Shanghai Petrochemicals and Jilin Chemicals are expected to issue more shares next year, said sources, but declined to give details because the plans were still 'at the early stage'.
Recently, Jilin Chemicals also said it will issue US$120.5m worth of corporate bonds to finance the building of a 300 000 tonne/year ethylene project in Northeast China. (ACN 7 Aug, p7). The group was listed on the Hong Kong exchange in May this year through Jilin Chemical Industrial Company. The exercise raised HK$1.5bn (US$193.8m).
There is also market talk that listed Yizheng Chemical Fibre might tap the market again to finance the fourth phase of its expansion plans.
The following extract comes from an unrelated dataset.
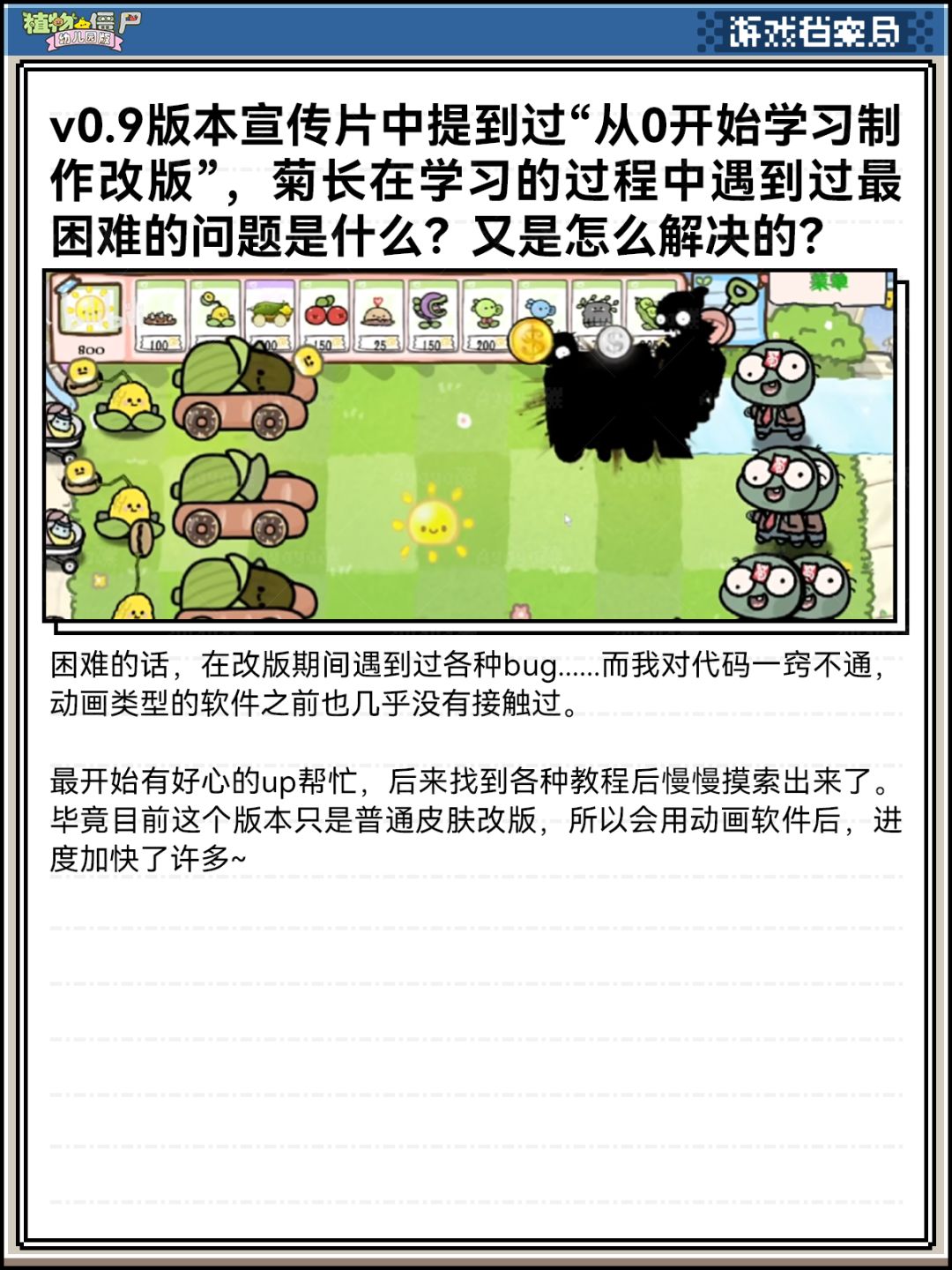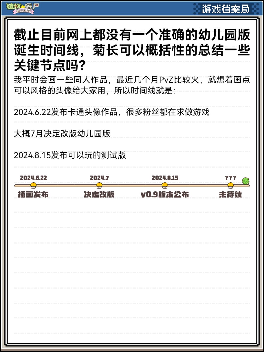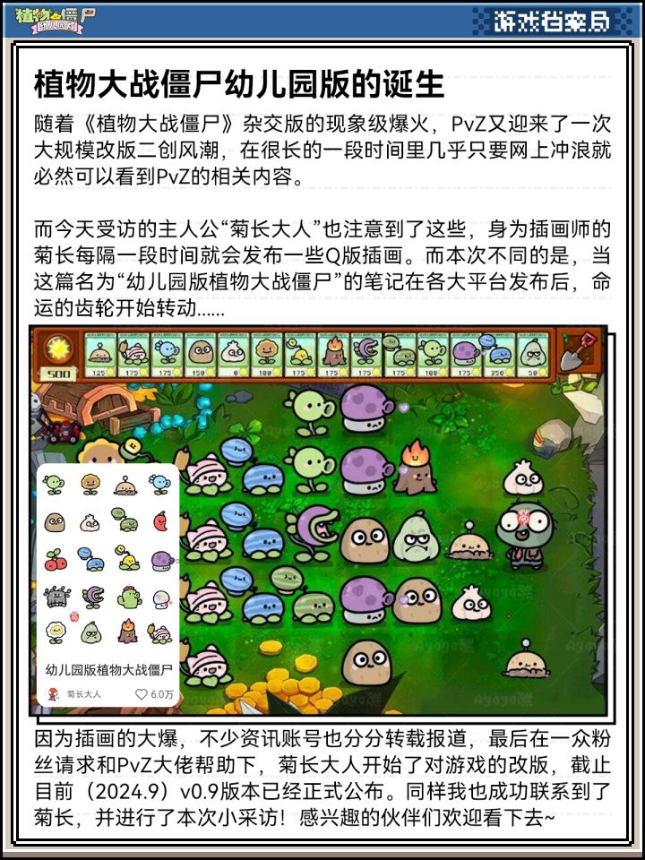 因为插画的大爆,不少资讯账号也分分转载报道,最后在一众粉丝请求和PvZ大佬帮助下,菊长大人开始了对游戏的改版,截止目前(2024.9)v0.9版本已经正式公布。同样我也成功联系到了菊长,并进行了本次小采访!感兴趣的伙伴们欢迎看下去~
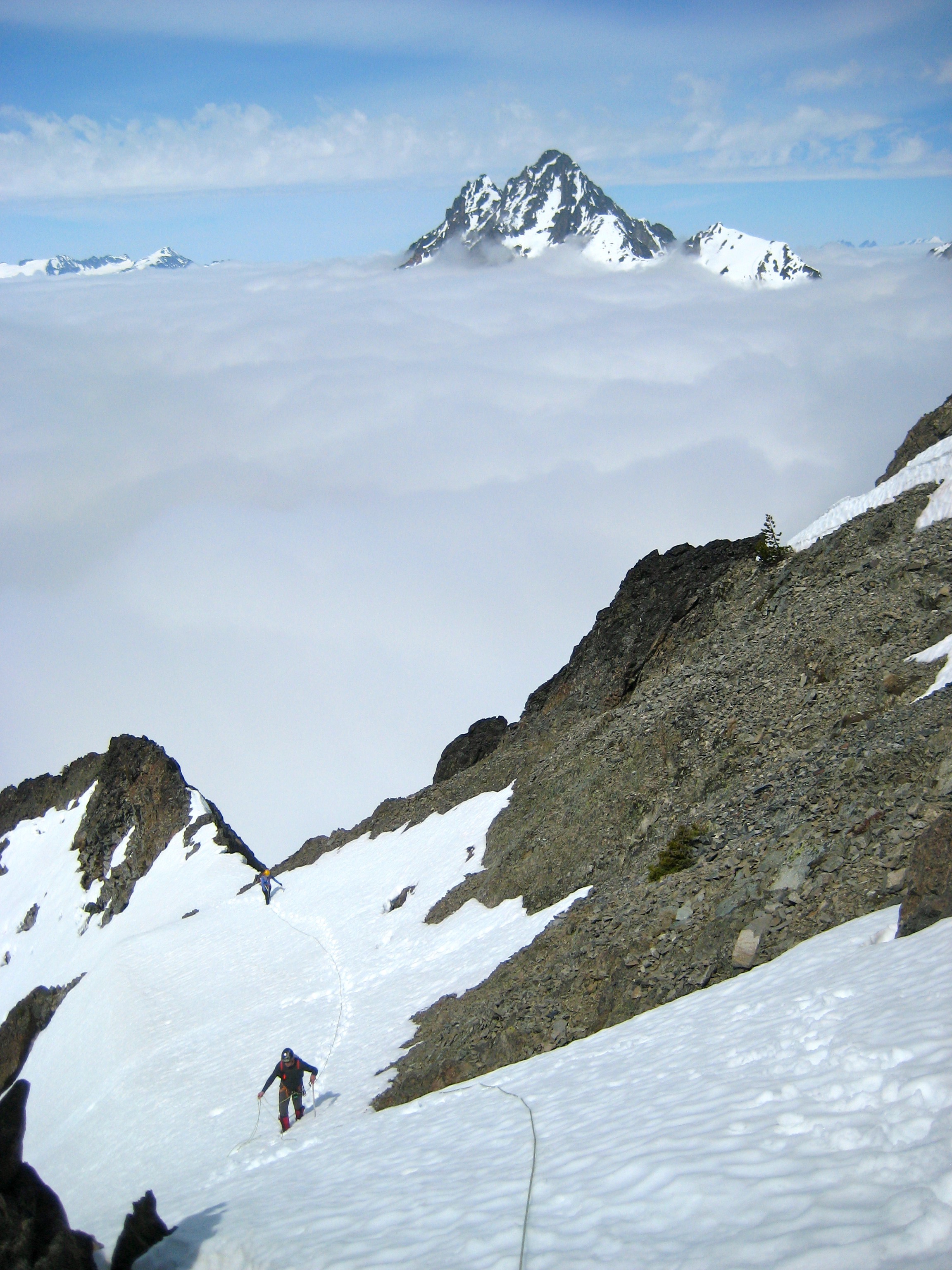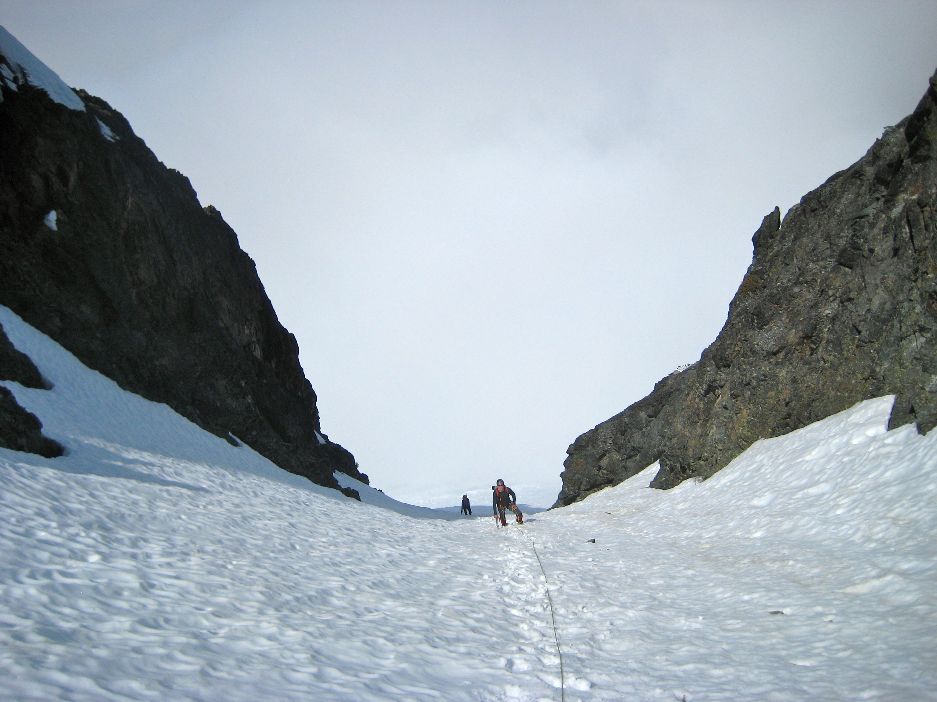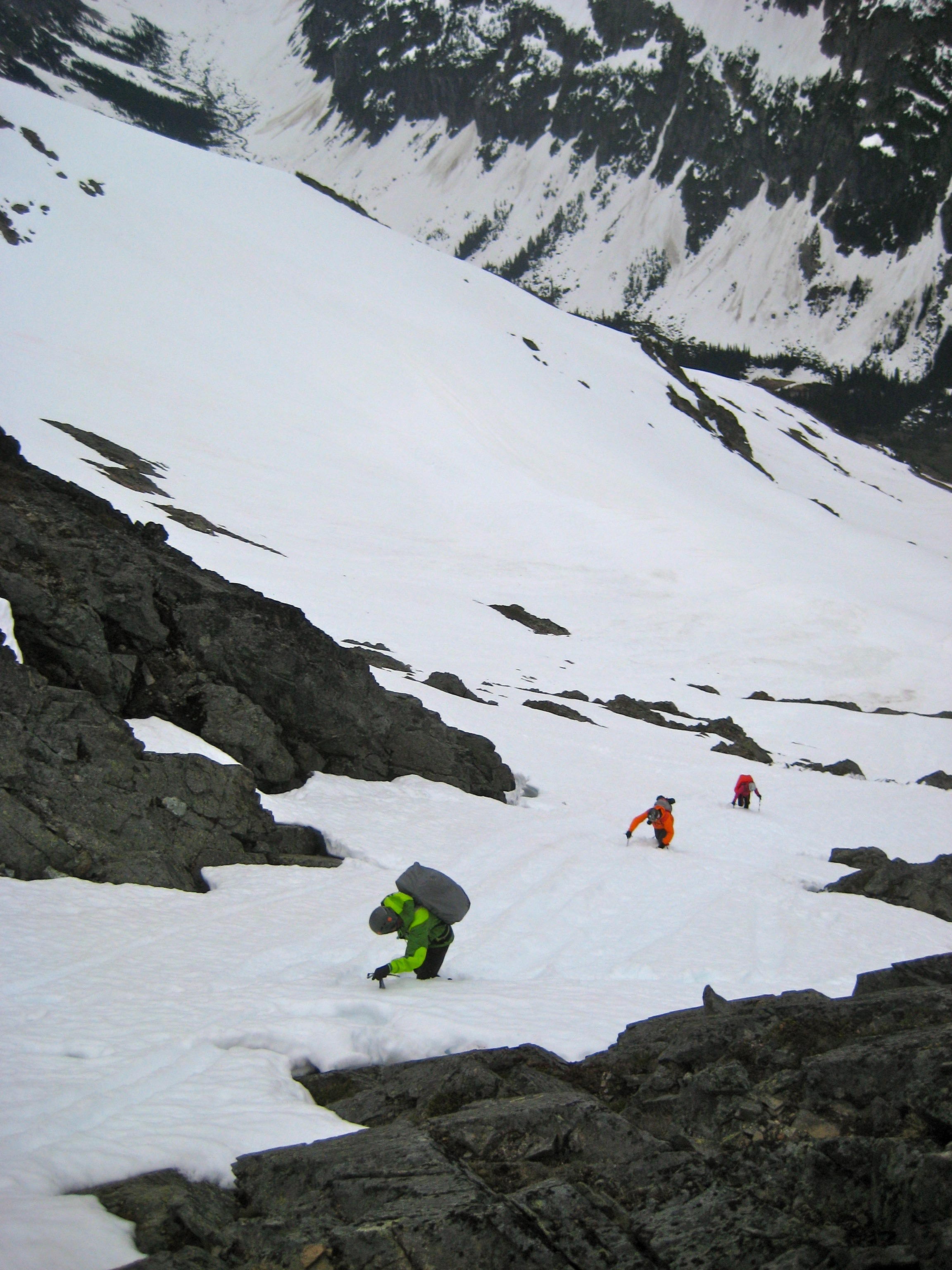 On Sunday morning, K. Ko and Eileen and I headed out for Graybeard Peak. We ascended about 400 feet above Easy Pass and then contoured across a series of snowfields and rock slopes until entering a large 6800-foot basin west of the peak. From the basin, we climbed directly eastward up a distinctive snow chute. The angle was steep enough (up to about 40 degrees) to prompt the use of a rope, flukes, and pickets. But we were happy to leave the valley fog behind us.

It is planning to invest some Rmb 14bn (US$1.7bn) to expand its polyester and associated production facilities (ACN 17 July, p4).
Analysts think it is unlikely that there will be new listings of chemical companies within the year and next year because the Chinese government had indicated that the new overseas listings which are likely to be approved will focus on other sectors like power generation, automobile, and transportation.
Petrochemical firms were among the first batch of firms which were approved for overseas listing because of their huge financial requirements, said analysts.
China has already listed five chemical companies on the exchange and together they make up more than 50% of total share capital of H shares on the HK exchange.